Socialismo bolivariano

O anúncio da nacionalização dos setores de eletricidade e de telecomunicações venezuelanos que escandalizou os que não se impressionam com o medíocre crescimento brasileiro dos últimos 16 anos fazem parte do que o presidente Hugo Chávez batizou, no discurso de posse do seu novo governo, de “os cinco motores constituintes para construir o socialismo”. Para Chávez, o primeiro eixo da nova fase da revolução boliavariana é a Lei de Habilitação, que permitirá ao Executivo legislar sobre as matérias necessárias para avançar nas mudanças até o socialismo.
O segundo eixo passa por uma profunda reforma da Constituição, para permitir a modificação dos artigos dos capítulos econômico e político que possam dar lugar “a equívocos devido a sua redação”. Como terceiro motor da revolução bolivariana, Chávez apontou a jornada nacional Moral e Luzes, uma campanha de educação moral, econômica, política e social que, além das escolas, se estenda às fábricas, aos campos e aos movimentos sociais.

Realidade
O presidente venezuelano apontou como quarto ponto “a geometria do poder”, definida por ele como uma nova forma de distribuição dos poderes político, econômico, social e militar no espaço nacional. O objetivo é revisar a distribuição político-territorial do país e gerar a construção dos sistemas de cidades e territórios federais: “Essa proposta representa uma inovação na busca de uma forma que se adapte muito mais a nossa realidade e as nossas aspirações”, destacou Chávez, que pediu aos governadores e prefeitos que participem do debate dessa proposta.

Projeto nacional
A “explosão revolucionária de poder comunitário” foi apontado por ele como o quinto motor constituinte, o qual, segundo Chávez, “tem maior força e dependerá do êxito dos anteriores eixo revolucionários dessa nova era da administração pública”: “Entramos plenamente no tempo de construção do projeto nacional Simón Bolívar, que requererá um fundamento sólido. O que temos feito até agora é construir um piso sobre o qual construiremos o edifício, o projeto socialista bolivariano”, destacou.

Funeral fiscal
Não foi apenas esta coluna que apontou a inexistência de punição para governantes que atrasem salários como um epitáfio da Lei de Responsabilidade Fiscal.

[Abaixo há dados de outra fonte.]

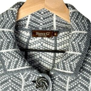 Bianca G. Knit Cape Jacket Gray White Herringbone Wool W Size XL Made in Italy
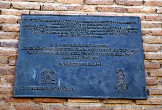 En octubre de 1999 se descubrió en la fachada del antiguo Colegio convento de San Basilio, situado al final de la calle de los Colegios, la lápida que recuerda la presencia en Alcalá, durante veinte años, de la Academia de Ingenieros, sin que la fecha de su erección coincidiera en esta ocasión con aniversario alguno de esta efeméride. La lápida es de bronce, y reza así:
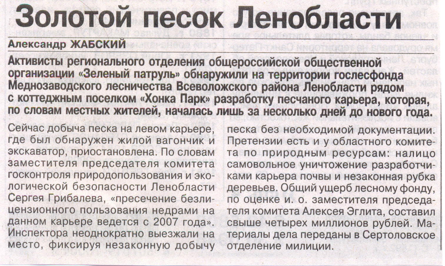Во вчерашних "Санкт-Петербургских ведомостях" опубликована статья. Похоже, речь ведется о карьере рядом с ОРПК "Алмаз".
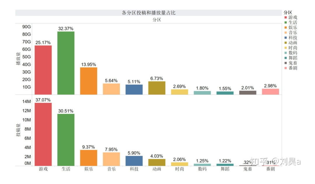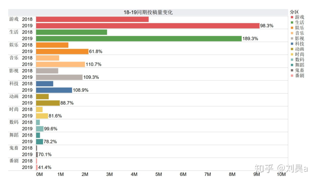 从爬虫数据来看,生活区在2019年的投稿量增幅极大,其后是音乐、影视、科技三个区。从播放量看,生活区的播放量也占到了B站最大的份额。
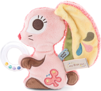 | Информация | Гопсали — веселый и милый кролик из розового мягкого плюша, он держит в своих лапках прозрачное кольцо-погремушку, которую можно трясти, наблюдая, как гремят и перекатываются шарики. Гопсали украшен вышивкой и интересными деталями — разноцветные ушки, розовый носик и смешной хвостик, за которые будет удобно хвататься малышу. Во время игры с кроликом Гопсали развивается моторика, тактильное восприятие, зрение и слух. Игрушка станет приятным компаньоном и первым другом вашему малышу. Wombi Tombi — коллекция для новорожденных и малышей линейки из My First, созданная под влиянием современного скандинавского стиля. С самого рождения малыши в игровой форме познают мир, используя все свои органы чувств. Коллекция My First специально ориентирована на нужды и потребности каждого этапа развития ребенка, развивая и стимулируя тактильное восприятие, зрение и слух с помощью выбранных игрушек. Комфортеры, погремушки, игрушки с музыкальными эффектами — на каждый этап развития малыша предназначена своя игрушка. С любовью созданные мягкие и развивающие игрушки сделаны из высококачественного плюша и разработаны опытными дизайнерами, которые сами являются родителями. |
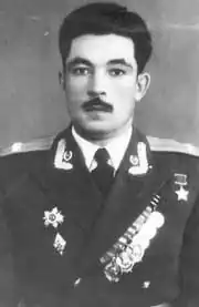 - ↑ В Указе о награждении званием Героя Советского Союза указан как Салихов Миохат Абдулович
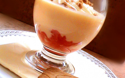 A l'aide d'une poche à douille, déposer un dôme de chantilly sur la crème au pamplemousse, et décorer de la chapelure de spéculoos.
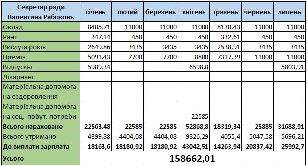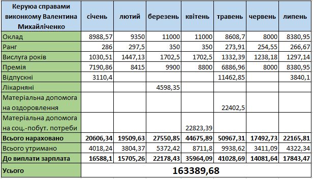 Керуюча справами виконкому Ланнівської сільської ради Валентина Михайліченко має оклад 11 тисяч гривень на місяць. Також упродовж зазначеного періоду їй виплачували доплати за ранг і за вислугу років.
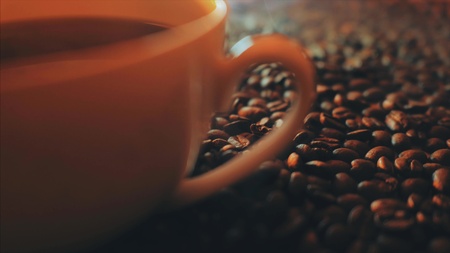 A coffee cup rests on a vibrant background, showcasing a blend of light navy and dark maroon colors. Inside the cup, coffee beans are prominently visible, adding an aromatic touch. The morning light enhances the colors, creating an inviting atmosphere perfect for coffee lovers.
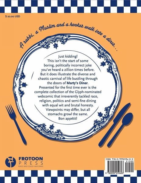 A rabbi, a Muslim and a hooker walk into a diner... Just kidding! This isn’t the start of some boring, politically incorrect joke you’ve heard a zillion times before. But it does illustrate the diverse and chaotic carnival of life bustling through the doors of Marty’s Diner. Presented for the first time ever is the complete collection of the Glyph-nominated webcomic that irreverently tackled race, religion, politics and semi-fine dining with equal wit and brutal honesty. Viewpoints may differ, but all stomachs growl the same. Bon appétit!
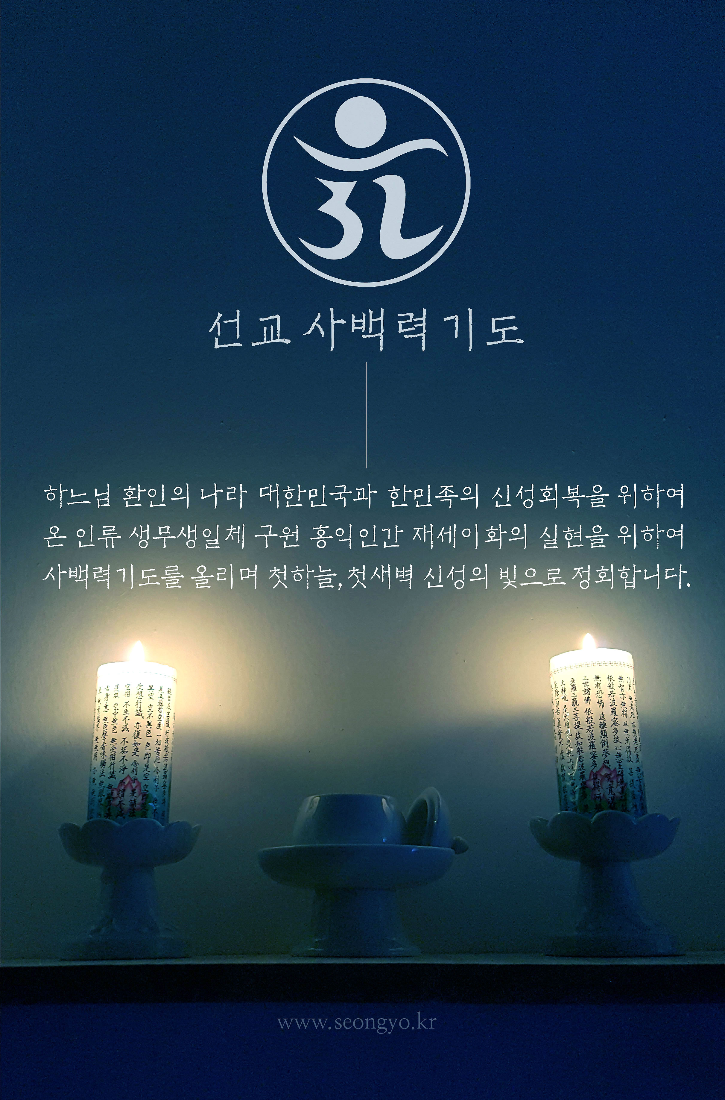 ※ 사백력 기도회(斯白力祈禱會), 선교 창교주 취정원사께서 창시하신 새벽신성기도 https://www.seongyo.kr/first-light
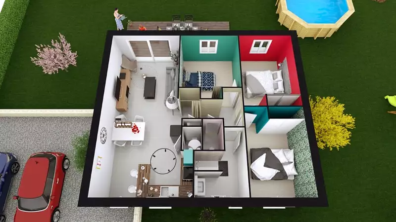 Terrain proposé par un partenaire foncier selon disponibilités et autorisation de publicité au prix de 65 600 €. Hors droit d'enregistrement et frais de notaire. Maison proposée, avec un contrat de construction de maison individuelle, dans le cadre de la loi du 19/12/1990, au prix de 116 800 € (Hors branchements et raccordements, papiers peints, peintures, revêtement de sol dans les chambres, qui sont chiffrés dans les travaux qui restent à charge du client. Tarif modifiable sans préavis). Étiquette énergie : A. Différents modèles disponibles pour ce terrain. Assurances et garanties du constructeur comprises (RC professionnelle, décennale, dommage ouvrage).
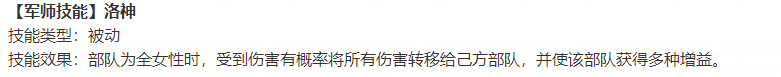 她的军师技师洛神,这个技能看起来有点鸡肋,首先是全女性将的队伍本身就没有什么强度,唯二的输出将的吕雉和穆桂英,输出都不是第一梯队的。其次如果伤害转移给肉队的话,那么肉队获得了增益也打不出输出,但伤害转移给了输出队的话,虽然获得了增益,但降低了兵力,还是变相降低了输出。唯一能想到的用法就是搭配杨玉环、樊梨花或者是箫绰站在旁边当光环和辅助了。不过值得注意的是,这个技能是王于首次引入这种“伤害转移”机制,而且是在军师位引入这个机制,打破了以往军师位只有简单的增减伤的情况,猜测未来在军师位放入更多的机制,也是一个技能设计的方向吧。
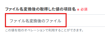 「ファイル名変換後の取得した値の項目名」は、後続の設定で使用できる「変更後のファイル名」のアウトプット(取得した値)に表示される項目名を設定します。
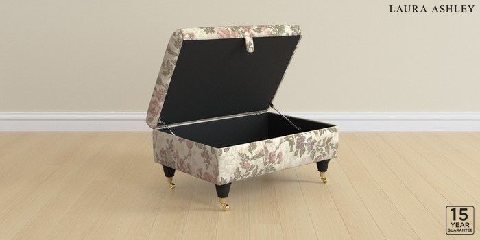 7.3.1 Buy Kingston by Laura Ashley Storage Footstool Ellerby Grape Purple Low Brass Castor - Black from the Seasons online shop Click here to use our website with more accessibility support, for example screen readers
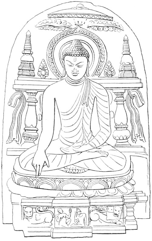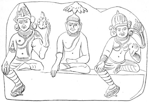 The portrait which faces page 74 is well worthy of attention as illustrating the connexion[2] between Buddhism xiv and Brāhmanism. It is from a recently-taken photograph of Mr. Gaurī-Ṡaṅkar Uday-Ṡaṅkar, C.S.I.—a well-known and distinguished Brāhman of Bhaunagar—who (with Mr. Percival) administered the State during the minority of the present enlightened Mahā-rāja. Like the Buddha of old, he has renounced the world—that is, he has become a Sannyāsī, and is chiefly engaged in meditation. He has consequently dropped the title C.S.I., and taken the religious title—Svāmī Ṡrī Saććidānanda-Sarasvatī. His son, Mr. Vijay-Ṡaṅkar Gaurī-Ṡaṅkar, kindly sent me the photograph, and with his permission I have had it engraved.
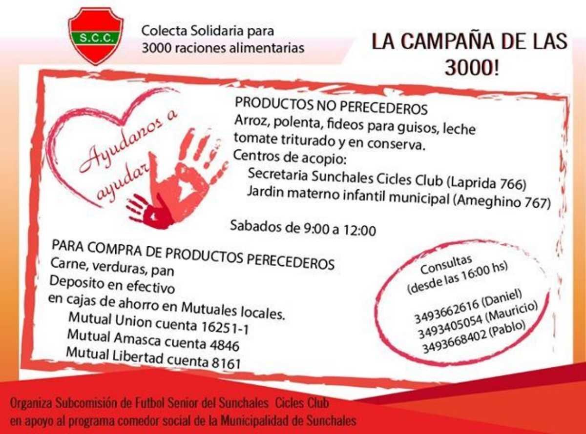 La “Campaña de las 3000”, es organizada por la Subcomisión de Fútbol Senior del Sunchales Cicles Club en apoyo al programa comedor social de la Municipalidad de Sunchales y tiene como objetivo poder generar 3000 raciones adicionales de alimentos destinadas a niños y adultos beneficiarios del programa “Comedor Social” de la Municipalidad de Sunchales.
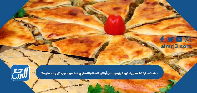 صنعت سارة ١٦ فطيرة، تريد توزيعها على أبنائها الستة بالتساوي فما هو نصيب كل واحد منهم؟
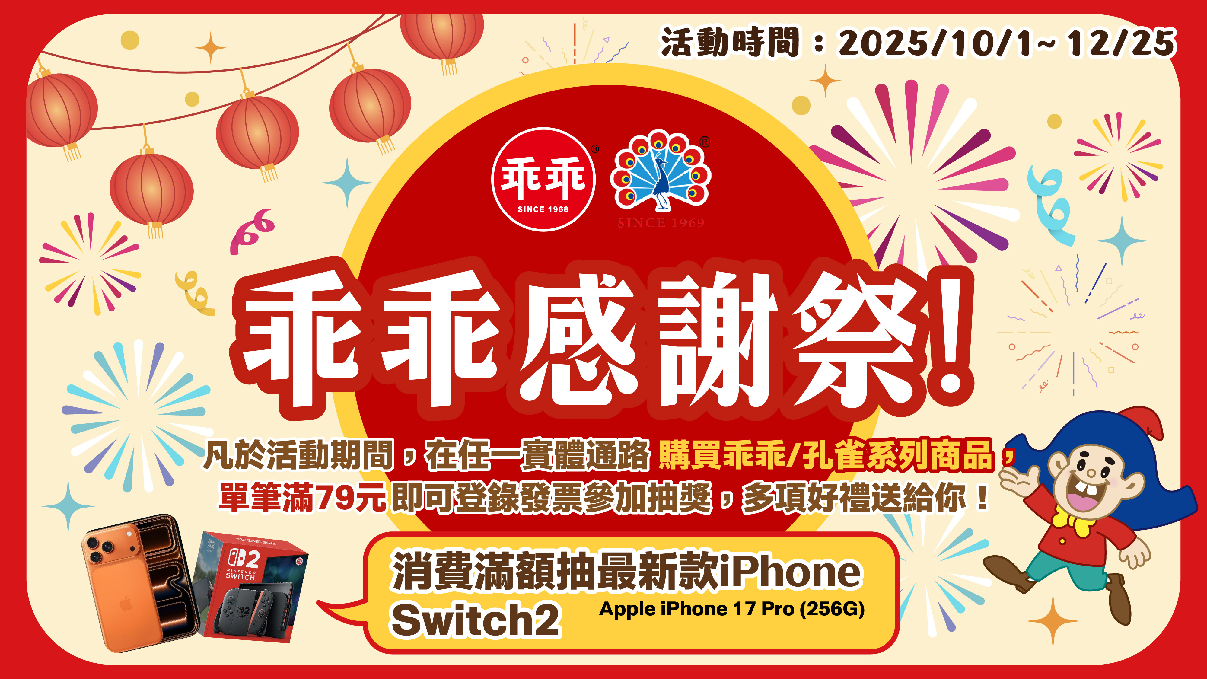:凡於活動期間,在任一通路購買乖乖/孔雀全系列商品,單筆滿79元即可登錄發票參加抽獎,多項好禮送給你!
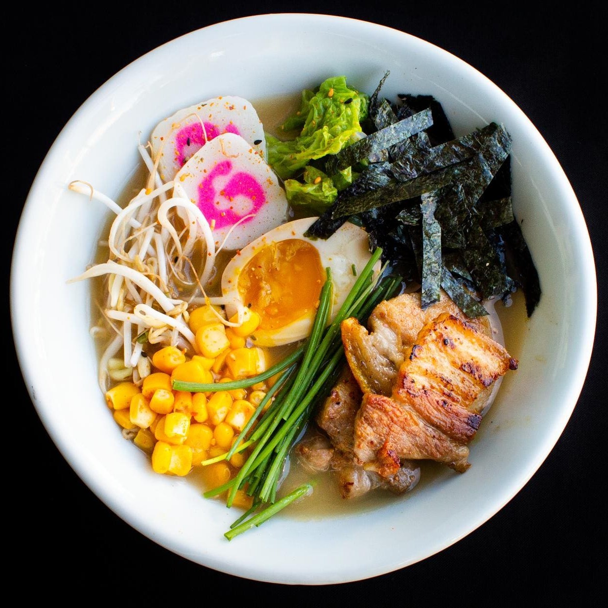 Nosso lámen é a base de caldo de peixe com missô. Uma massa fina, 100g de porco apimentado, milho verde, cebolinha, alga nori, moyashi, acelga, kamaboco e ovo à mollet. Porção individual, em torno de 400g.
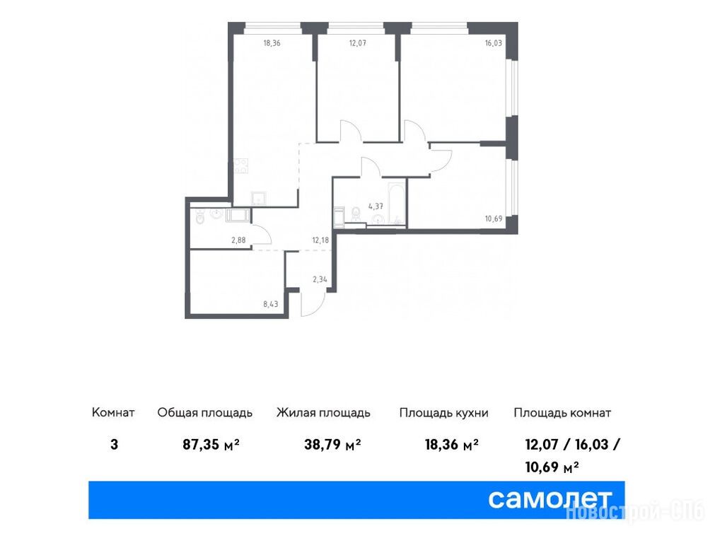 Продается трехкомнатная квартира в новостройке ЖК «Новое Колпино» по адресу Санкт-Петербург, Колпинский, Колпино, ЖК «Новое Колпино», корп. 35.1. Общая площадь квартиры - 87.35 кв. м. Тип проекта, по которому построен дом — Монолитно-кирпичный, компания-застройщик — ООО «СПб Реновация», Самолет. Стоимость квартиры — 16 783 866 руб. Способы оплаты можно уточнить у продавца. Срок сдачи — 1 квартал 2026. Более подробная информация по телефону.
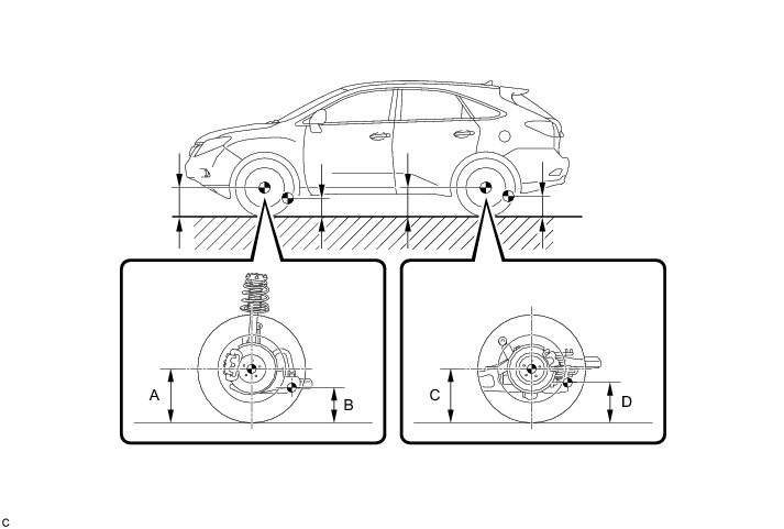 * Before inspecting the wheel alignment, adjust the vehicle height to the specified value.
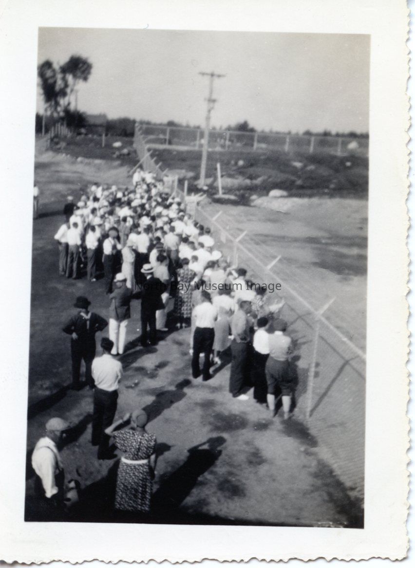 Photographic print - black and white photo of Dionne Home 1935 with people in front of fence
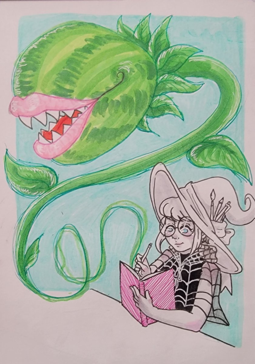 Day 9 of #Inktober2022 - Artist Witch AND Man-Eating Plant Damn insta loving their ties this year. Artist Witch who uses her pens and pencils as her wands and uses them to bring art to life. #littleshopofhorrors #inktober #artist #AudreyII
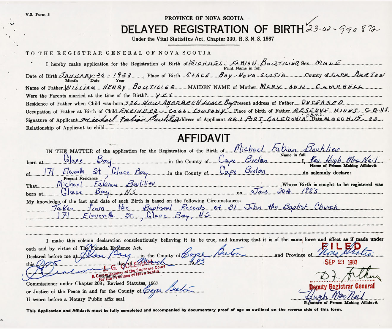 I hereby make application for the Registration of Birth of Michael FabianBoutilieer Sex Male
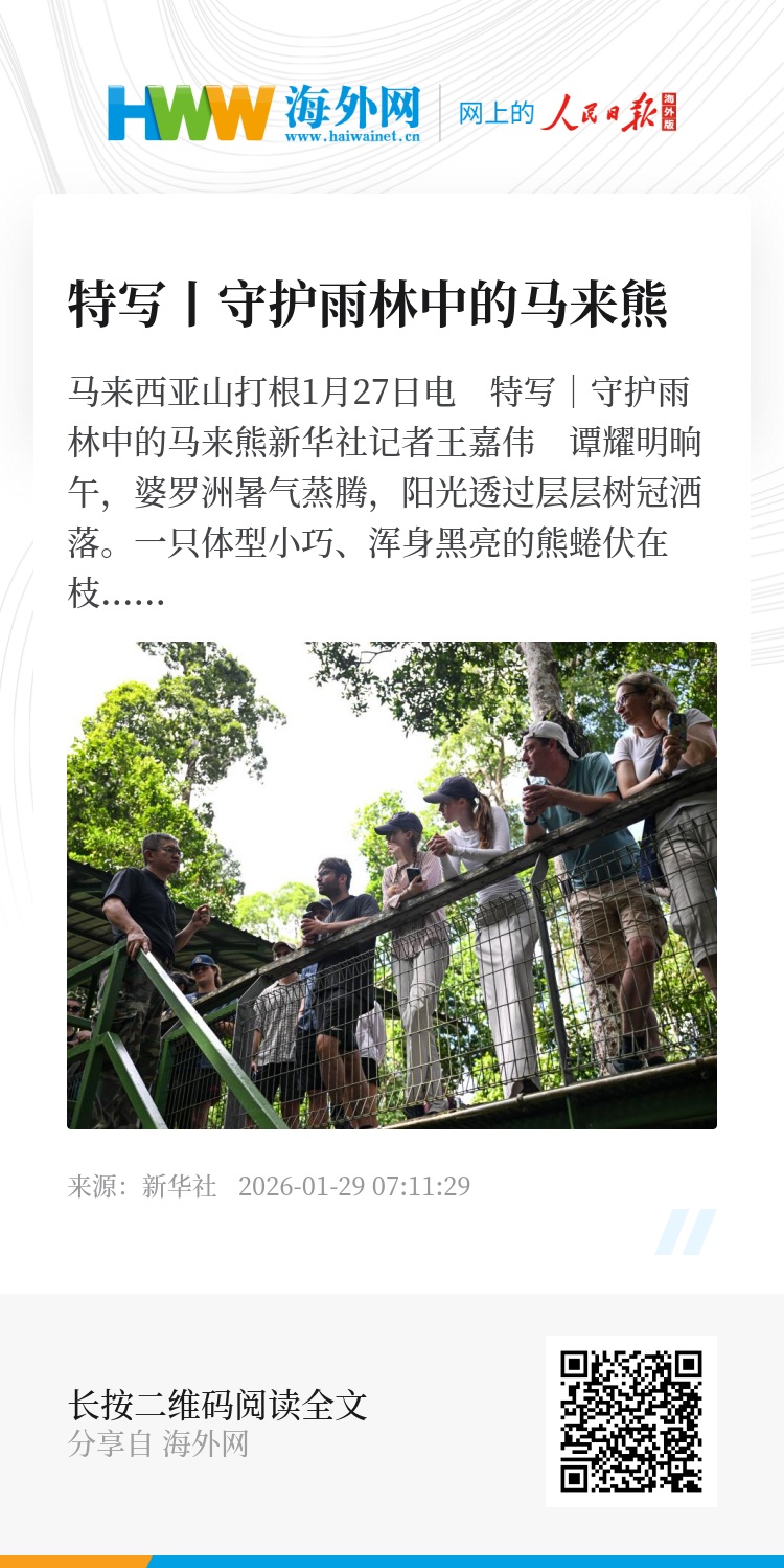 正因其独特的生物属性、保护意义与生态价值,马来熊近年来逐渐走进公众视野。马来西亚将马来熊选为“2026马来西亚旅游年”的吉祥物,希望向外界展示该国丰富的生物多样性,并提升公众对野生动物保护的关注。

Um dia depois, o prefeito do Rio, César Maia (PFL), também destacou em seu blog que se o Ministério Público não representar contra os governadores que deixarem de pagar salários ao funcionalismo isso representará “o funeral definitivo da LRF”: “O que fará o MP? Como em 2002, a LRF estreava em relação aos governadores, pode ser que isso explique. Mas vamos ver agora, se o MP vai acioná-los. Se não for assim a LRF é de brincadeirinha. E não há fiscal da lei para o que é relevante em relação aos governos”, atestou César.

Código
Termina nesta quinta o prazo – sucessivamente adiado – para as empresas se adequarem ao novo Código Civil. As companhias devem realizar alteração contratual e se adequar ao novo sistema. As que não se adaptarem às novas regras pedem ter problemas para realizar compras a prazo ou contratar financiamentos e empréstimos bancários, bem como ficarão impedidas de participar de licitações públicas.

Câmbio
O dólar barato tem seus defensores: as empresas importadoras de equipamentos e produtos médico-hospitalares comemoram o crescimento – que deve chegar a 15% – no ano passado e prevêem expansão de 10% em 2007, “desde que o cambio permaneça no mesmo nível”, destaca o presidente da Abimed (associação que congrega os importadores), David Neale. O setor espera ter fechado 2006 como importações de US$ 1,8 bilhão.

Grande irmão
Para infelicidade dos telespectadores, já está no ar a enésima edição do Big Brother Brasil. Para sorte dos funcionários da Eletro-Saúde, uma possível reprodução da vigilância por câmeras nos escritórios do plano parece ter sido abortada. No apagar das luzes de 2006, meio que por acaso, descobriu-se que o superintendente da entidade, José Eduardo Mendonça, comprara um sistema de câmeras. Agora, o novo presidente da Eletros decidirá se desinstala o sistema ou que utilidade dará a ele.